* WHAT THE EXERCISE ASKS
In the material below, find the line with "Duco Retro Round" and the line with "2月28日下午16时,诸侯快", then output both and every line between them exactly, omitting pictures.

* SOURCE DATA
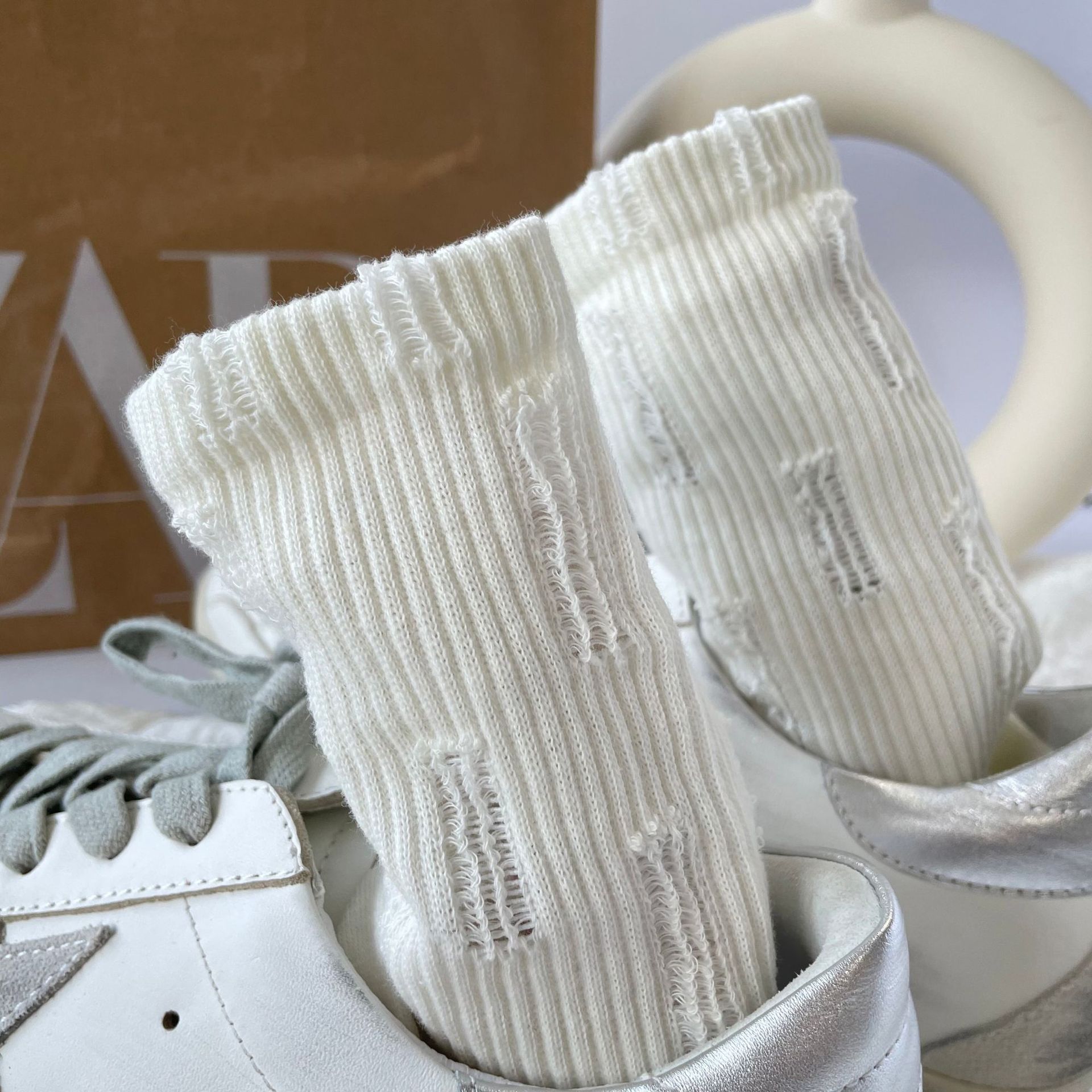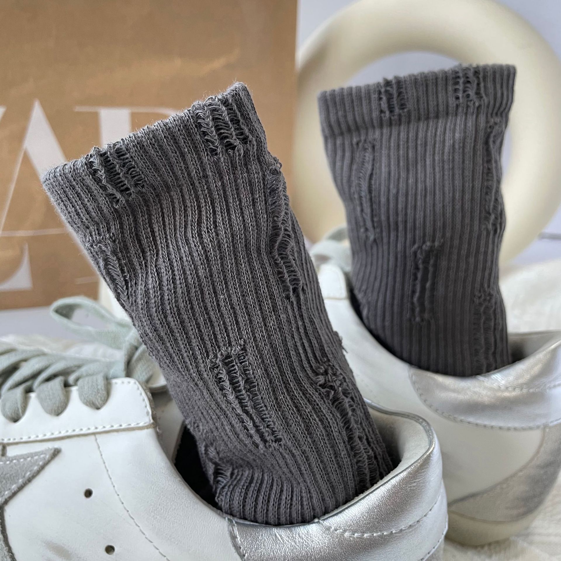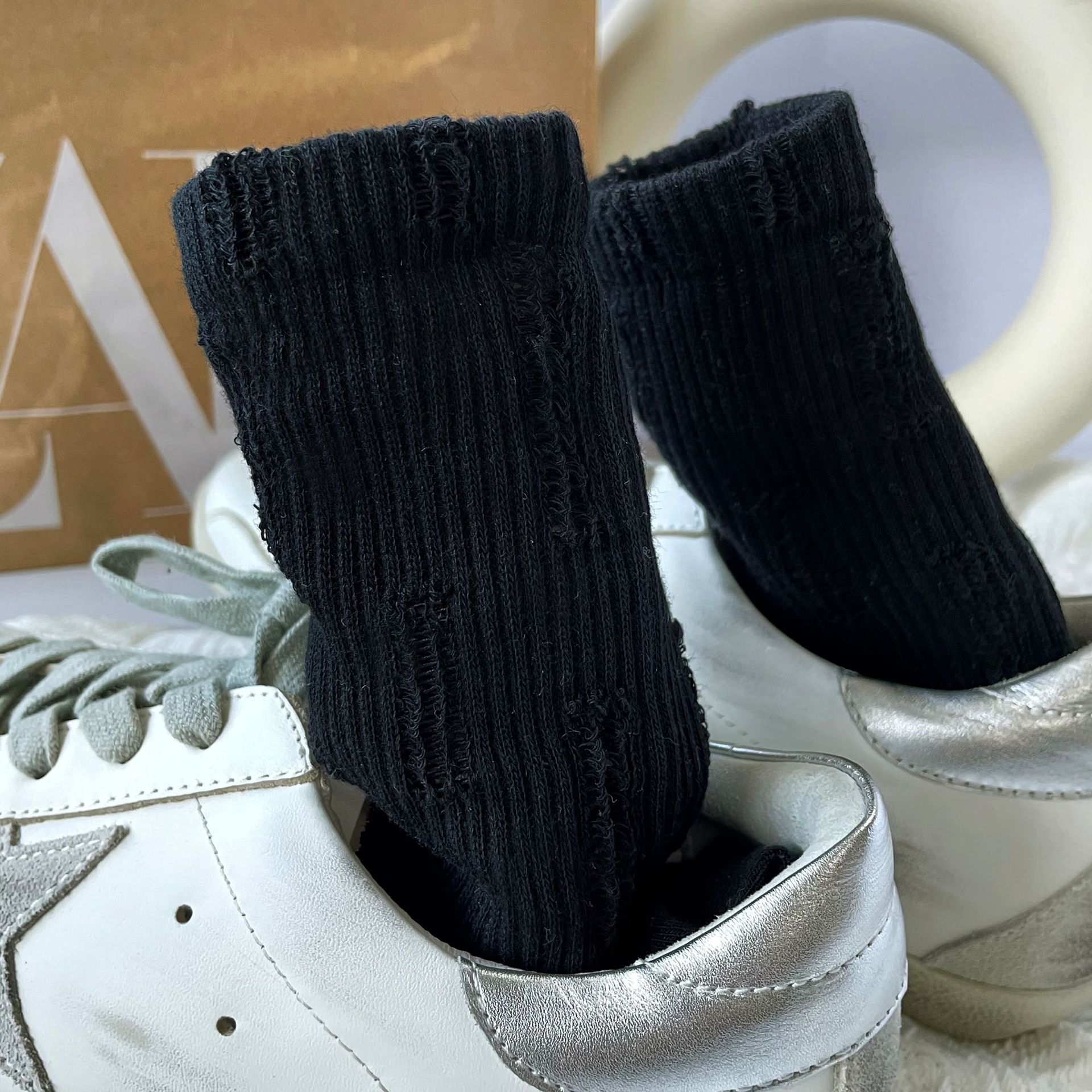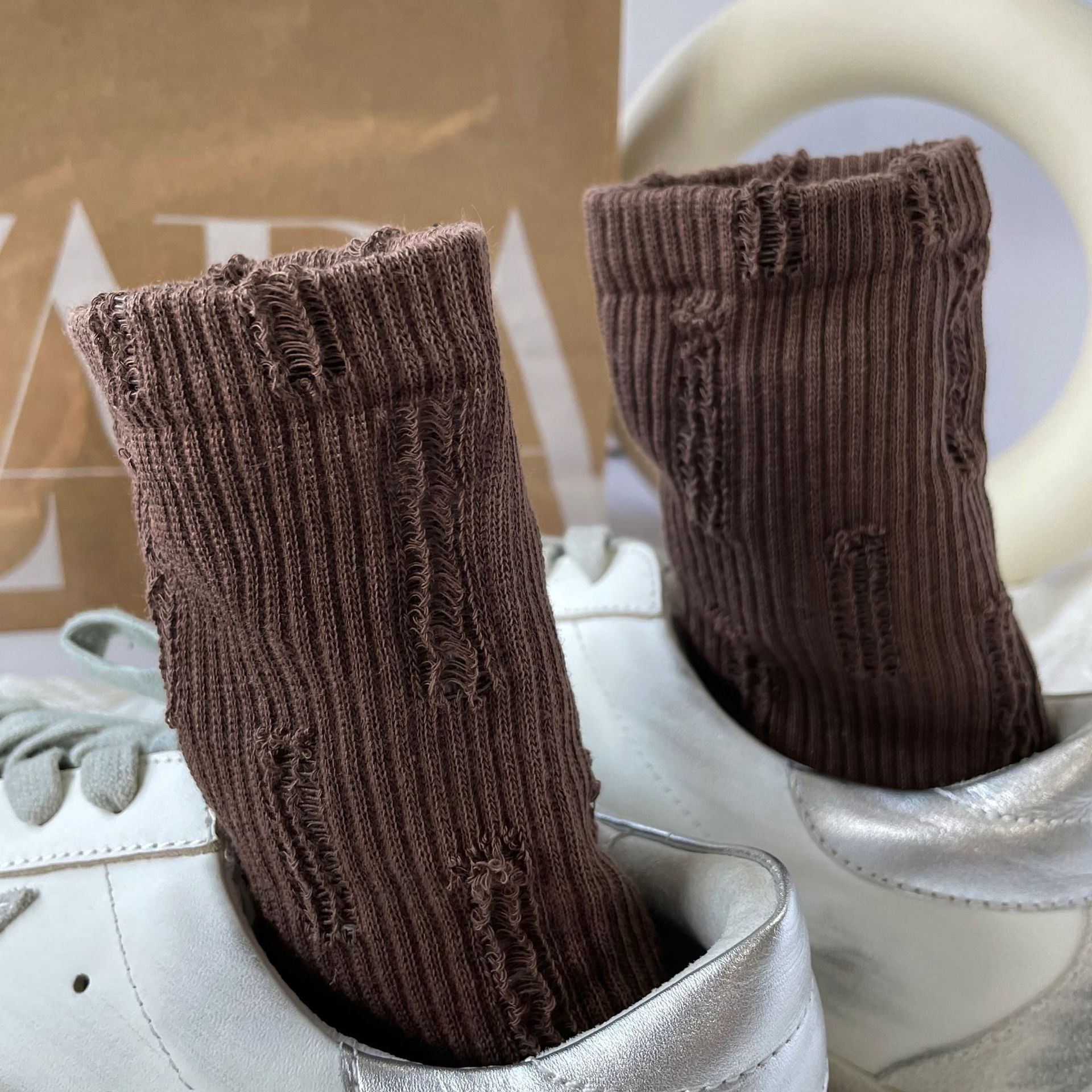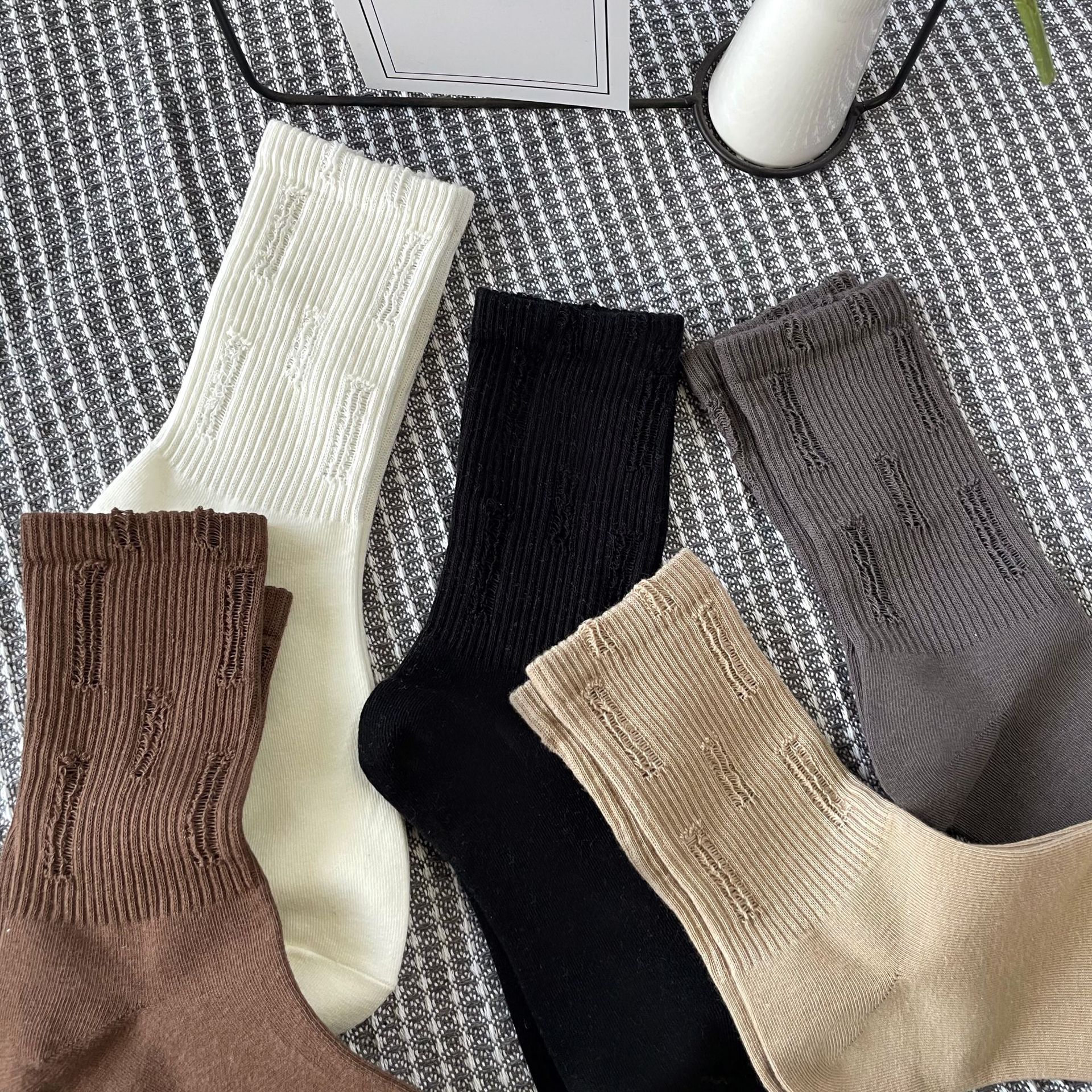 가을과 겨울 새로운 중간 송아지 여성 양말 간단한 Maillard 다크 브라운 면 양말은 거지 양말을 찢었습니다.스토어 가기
...
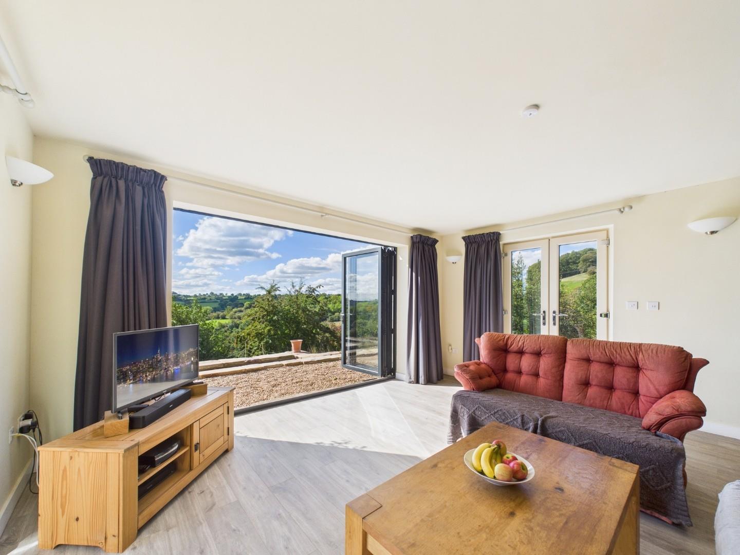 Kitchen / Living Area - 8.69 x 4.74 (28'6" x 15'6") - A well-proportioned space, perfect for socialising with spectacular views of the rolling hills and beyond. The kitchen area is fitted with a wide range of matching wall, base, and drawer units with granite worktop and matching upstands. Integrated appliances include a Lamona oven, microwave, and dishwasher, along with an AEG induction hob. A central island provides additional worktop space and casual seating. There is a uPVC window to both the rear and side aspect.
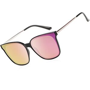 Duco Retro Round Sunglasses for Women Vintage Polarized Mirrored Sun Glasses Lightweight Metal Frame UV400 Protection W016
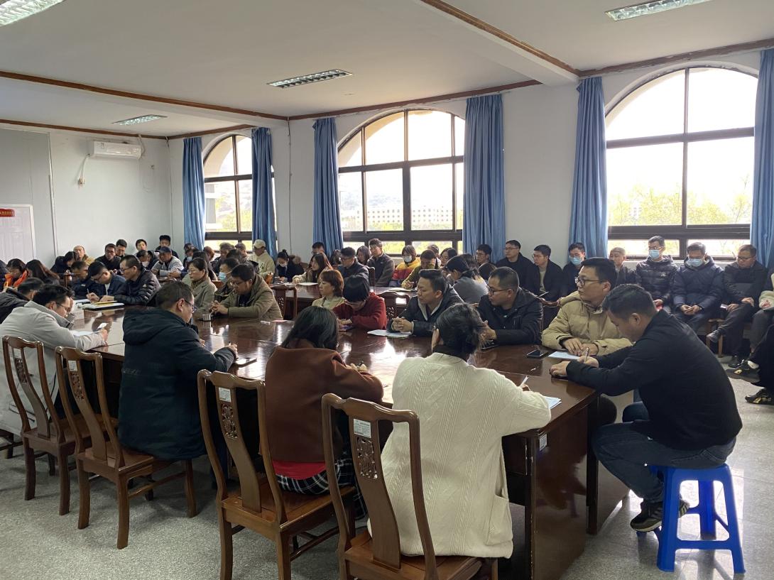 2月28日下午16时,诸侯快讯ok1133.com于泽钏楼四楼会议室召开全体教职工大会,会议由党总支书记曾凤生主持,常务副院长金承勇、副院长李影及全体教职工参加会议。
...
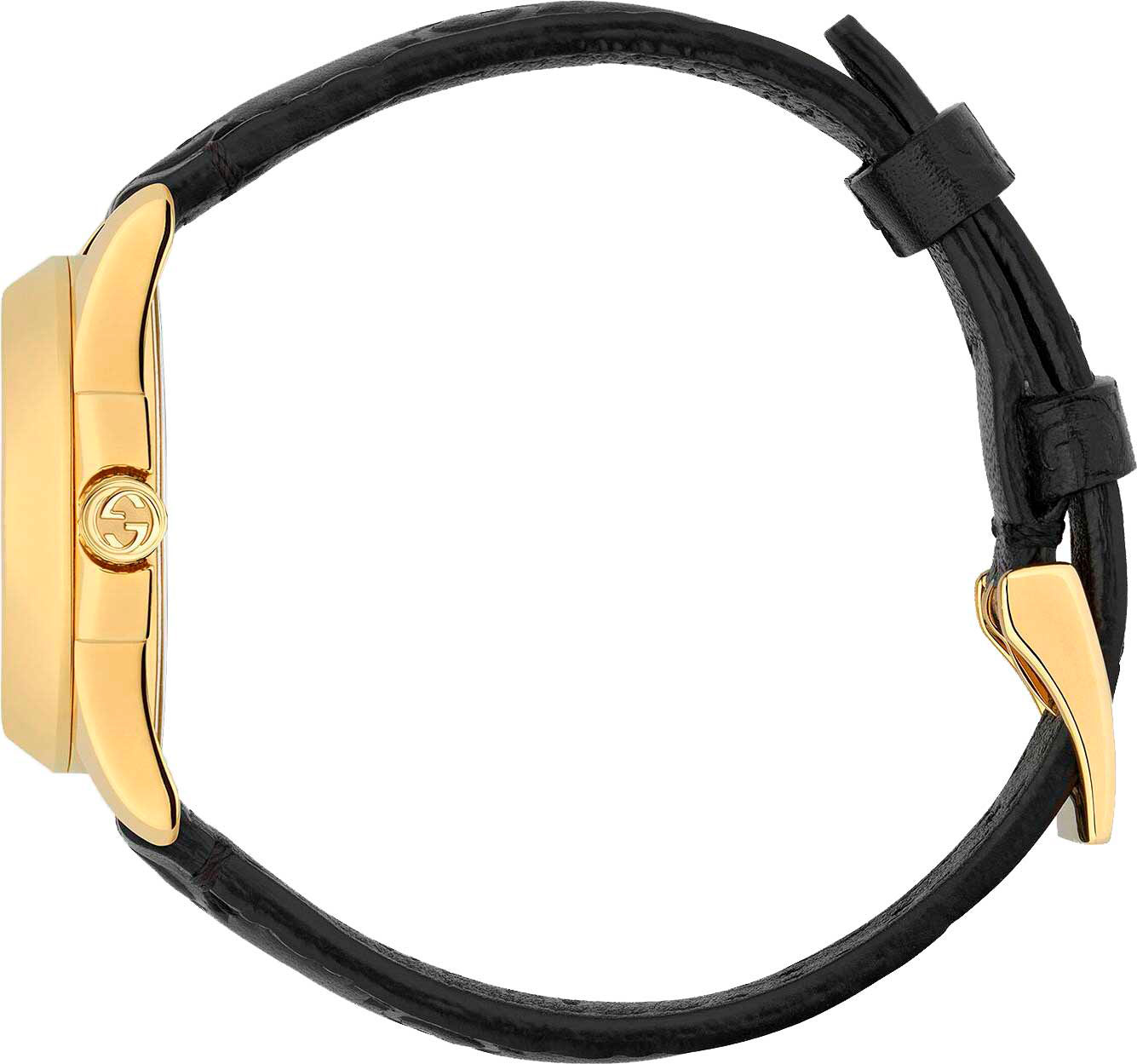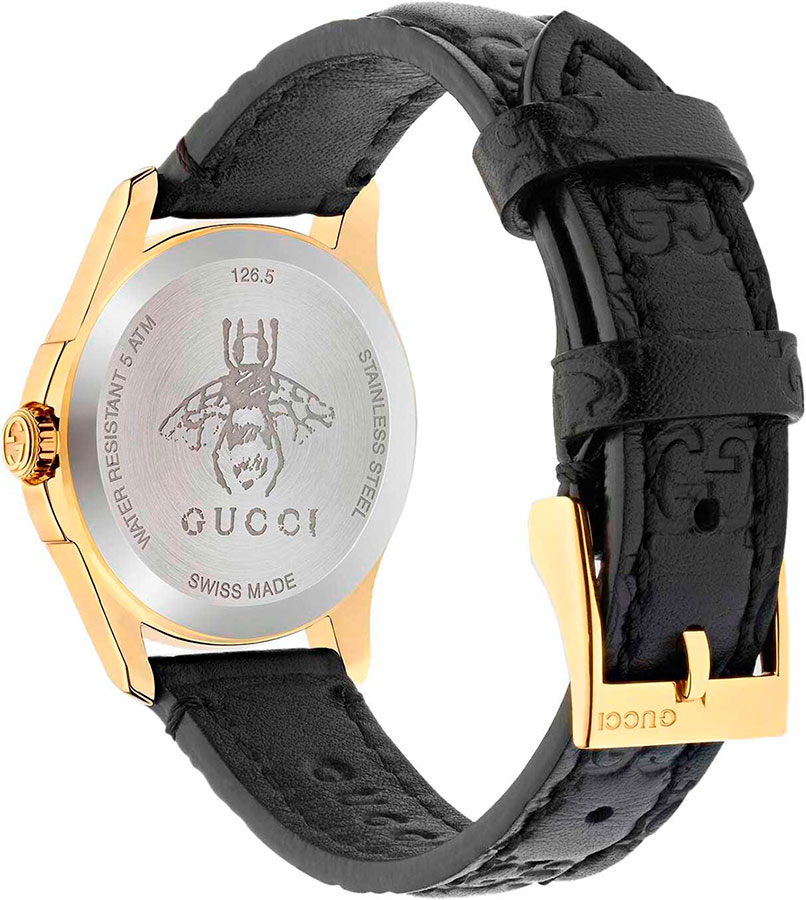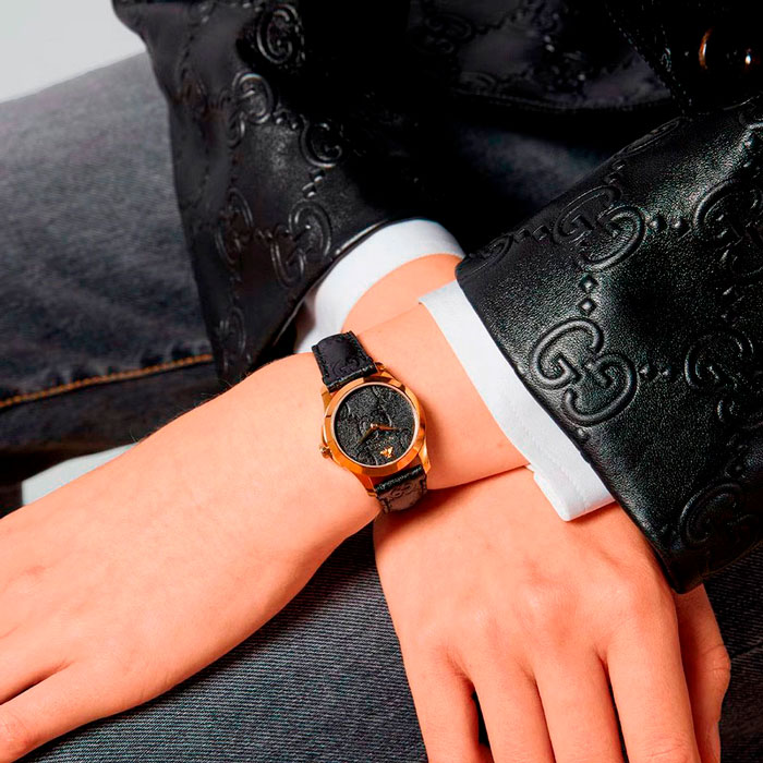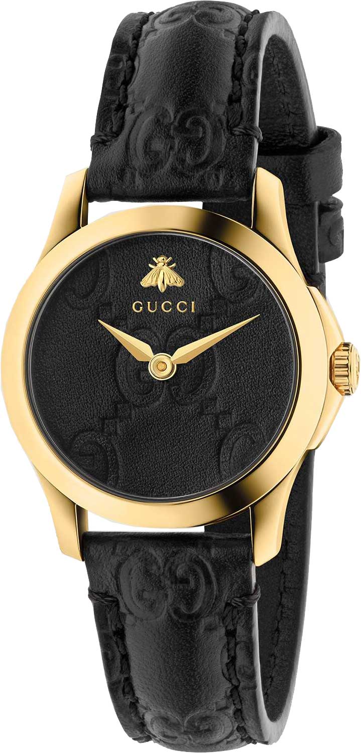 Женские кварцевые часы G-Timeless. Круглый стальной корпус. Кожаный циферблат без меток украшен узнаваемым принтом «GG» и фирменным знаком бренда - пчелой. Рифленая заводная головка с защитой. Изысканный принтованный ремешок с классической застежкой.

* SOLUTION FOR THIS TASK
 Duco Retro Round Sunglasses for Women Vintage Polarized Mirrored Sun Glasses Lightweight Metal Frame UV400 Protection W016
 2月28日下午16时,诸侯快讯ok1133.com于泽钏楼四楼会议室召开全体教职工大会,会议由党总支书记曾凤生主持,常务副院长金承勇、副院长李影及全体教职工参加会议。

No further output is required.